In a nice touch for its anniversary concert, Cantus invited 10 alumni singers to join them in several of the numbers. Three renowned choral conductors, all of whom have been mentors, also participated: Dale Warland; Anton Armstrong, conductor of the St. Olaf Choir; and Weston Noble, former director of the Nordic Choir at Luther College in Decorah, Iowa.

Cantus is so engaging that it's easy to forget how large their accomplishment has been. Originating as four students at St. Olaf, the group, along with Chanticleer, is one of only two full-time professional choruses in the country (not counting a few opera choruses). They have developed a large and loyal Twin Cities following, too, as was clear in the warm response the group received Friday night.

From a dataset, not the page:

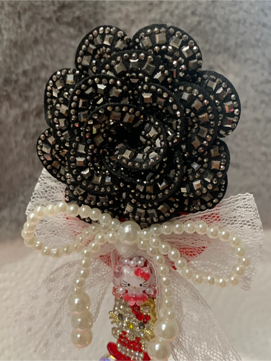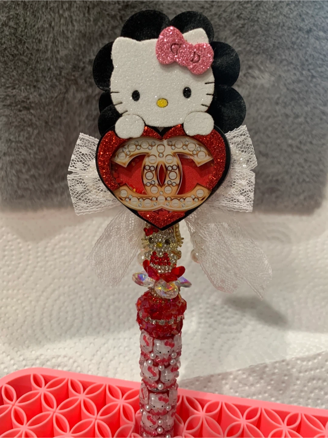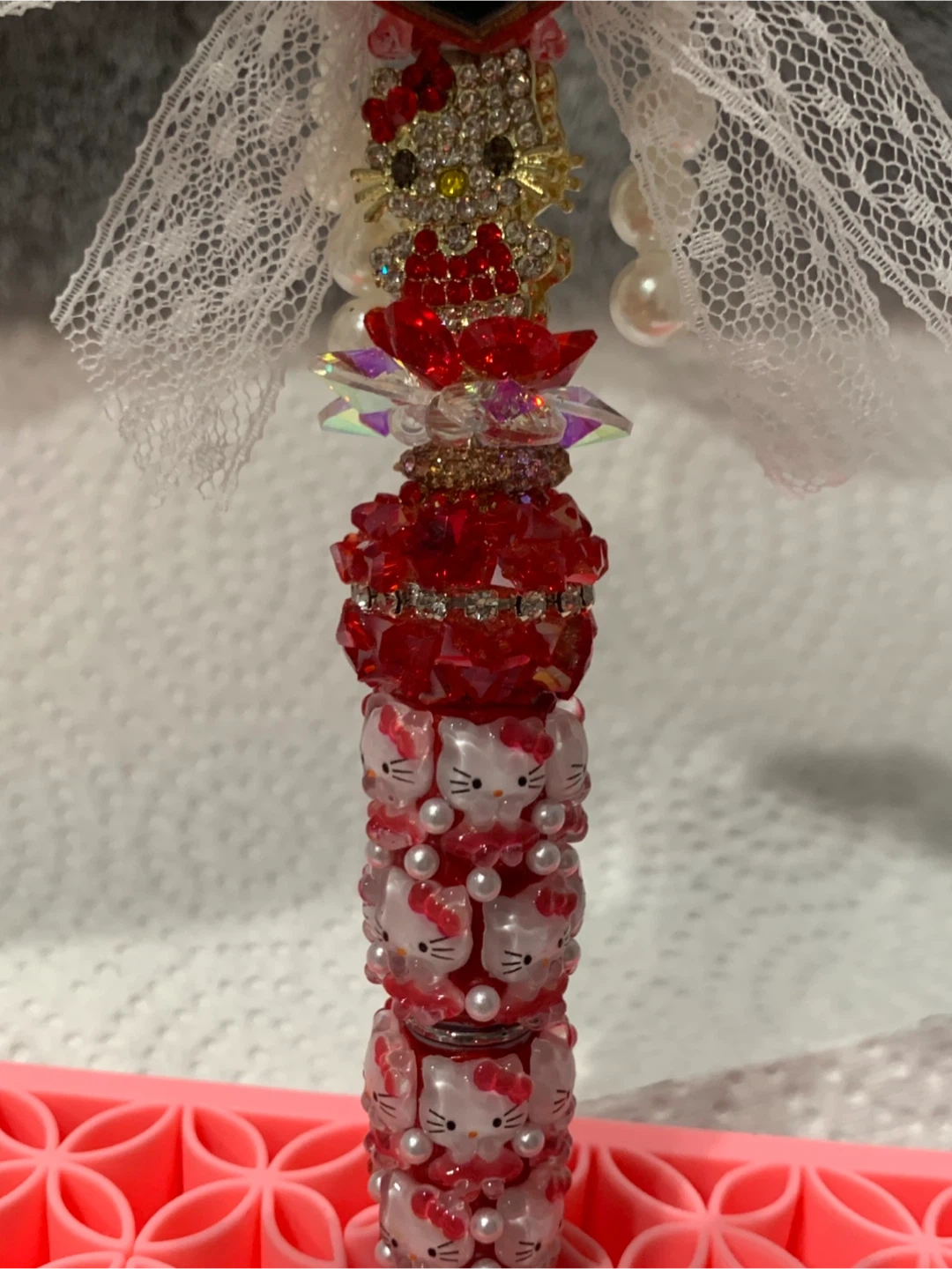 This sparkly fancy pen wand features a Hello Kitty head with a pink bow, holding a red heart charm adorned with rhinestones. The pen is decorated with multiple Hello Kitty faces and pearls. It's covered in red and clear rhinestones and has delicate white lace accents. It's a fancy pen for school or work !!

They manage to entertain while presenting music of real depth. Even their experiments are fun, adding a jazz line, for instance, on vibraphone by the skillful David Hagedorn, to a ninth-century chant as the program's curtain raiser, or enhancing the drama of Gordon Lightfoot's "The Wreck of the Edmund Fitzgerald" with cello (Laura Sewell) and guitar (Albert Jordan), and Tim Takach taking the solo vocal. Near the end, Jordan proved to be a master of gospel melisma in Takach's finger-snapping chart of Smoky Robinson's classic "Who's Loving You," an early Michael Jackson hit. The closer was Franz Biebl's gentle, caressing "Ave Maria," immaculately sung. One expects that Cantus will sing its 20th-anniversary concert just as elegantly.